For fifty weeks a year the UK's sizeable contingent of four-wheel drive SUVs are stereotyped as the unloved, unwanted and comically pointless leviathans of the city centre; blamed for global warming and scorned by cyclists, they're crudely and falsely dismissed as an accessory for middle class mums or the desperate boast of a middle-aged man.

But then the other two weeks roll around – the wintery fortnight we find ourselves slap bang in the middle of right now, which deposits a foot of snow onto the ground and travel misery into the air. Overnight the 4X4 is transformed from a poser's plaything into a go-anywhere goliath with the muscular appeal of a Chinook helicopter.
As the nation's saloons, hatchbacks and MPVs flounder, the 4X4 driver can be seen marching across the icy landscape wearing the steely determination of Ray Mears and the grin of an X Factor contestant.

Their conspicuous glee is the result of finally finding a use for the unusual and expensive tool they once agonised over buying. Most SUV owners never require low range or lockable diffs or hill descent control on the school run, but now buttons can be flicked and switches toggled with the solemnity of a soldier loading a sniper rifle.

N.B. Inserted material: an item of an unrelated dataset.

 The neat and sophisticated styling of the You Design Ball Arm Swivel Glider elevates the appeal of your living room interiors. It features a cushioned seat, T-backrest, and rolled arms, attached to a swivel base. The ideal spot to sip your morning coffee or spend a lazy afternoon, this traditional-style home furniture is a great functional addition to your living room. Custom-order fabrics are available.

Any battlefield analogy is apt with four-wheel drive technology of course, because all today's off-road vehicles are the direct descendants of the machines which rumbled around the Western Front in the hands of a thousand Yankee G.I.s. With the Willys Jeep the US showed the world that only the saps marched – the industrialised armies of victory were marvels of mechanisation, and the little olive green utility vehicle was their GTI.



Not long after the war a British manufacturer grabbed the concept with both hands and produced the Series 1 Land Rover. Twenty years later they nicked another idea from the States in the form of the luxurious Jeep Wagoneer, and promptly hit their own effort out of the park. The original Range Rover remains the blueprint for every European SUV that's emerged since the 1970s.

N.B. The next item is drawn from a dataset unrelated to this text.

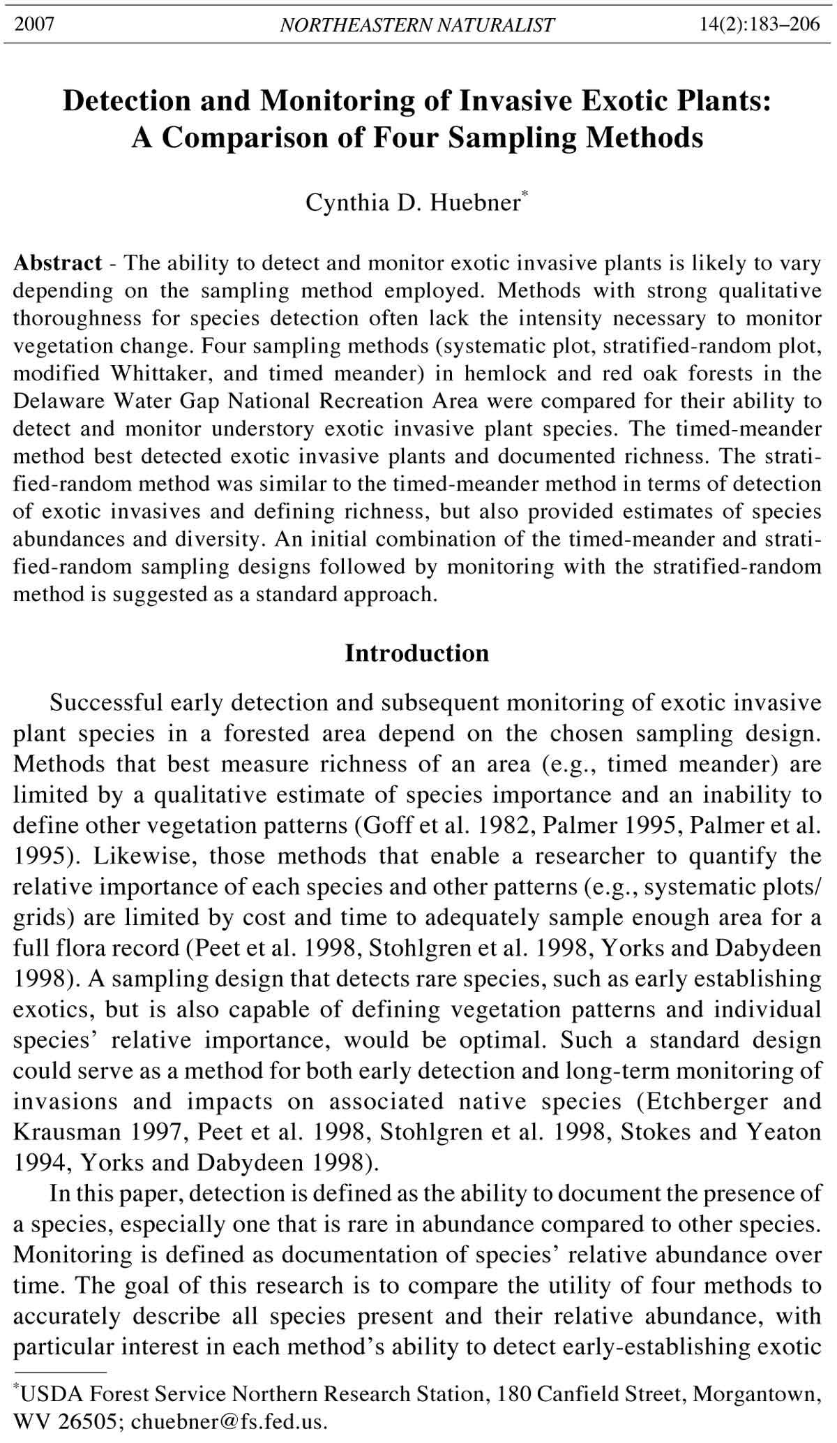 detect and monitor understory exotic invasive plant species. The timed-meander

That list includes the so-called crossovers, which have become the sales success story of this decade. The crossover has appropriated the SUV's profile, but often foregone the all-wheel drive technology that existed beneath it. For fifty weeks of the year the front-wheel drive convenience of the new class of car is perfectly adequate (better even) but for the designated two weeks of severe British winter they suddenly seem vacuous and foolish next to their red-blooded siblings.

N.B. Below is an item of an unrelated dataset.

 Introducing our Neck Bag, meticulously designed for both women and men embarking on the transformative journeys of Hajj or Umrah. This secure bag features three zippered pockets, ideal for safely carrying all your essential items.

This isn't to suggest that the current snowfall requires the capabilities of a Humvee or even a Land Rover Defender. Four-wheel drive comes in all shapes and sizes nowadays, and combined with a sensitive right foot, decent tyres and a smidgen of ground clearance, the most basic setup is likely to see you through the worst of the UK's current 'crisis'. Autoblog UK recently tested a Nissan Murano – a car that was never intended to spend the majority of its life off road – which cut through the snowy scenery like an icebreaker.

But we'd be lying if the old-school SUV didn't hold a special place in our hearts. The first duty of any car is to transport you somewhere, and when there's a foot of snow on the deck we wouldn't choose anything over the flinty, crunching traction of a traditional 4X4. The Jeep Grand Cherokee in the pictures was picked up for under £3k with six figures on the clock, but we wouldn't wish for anything else this Christmas. Not for the next two weeks anyway.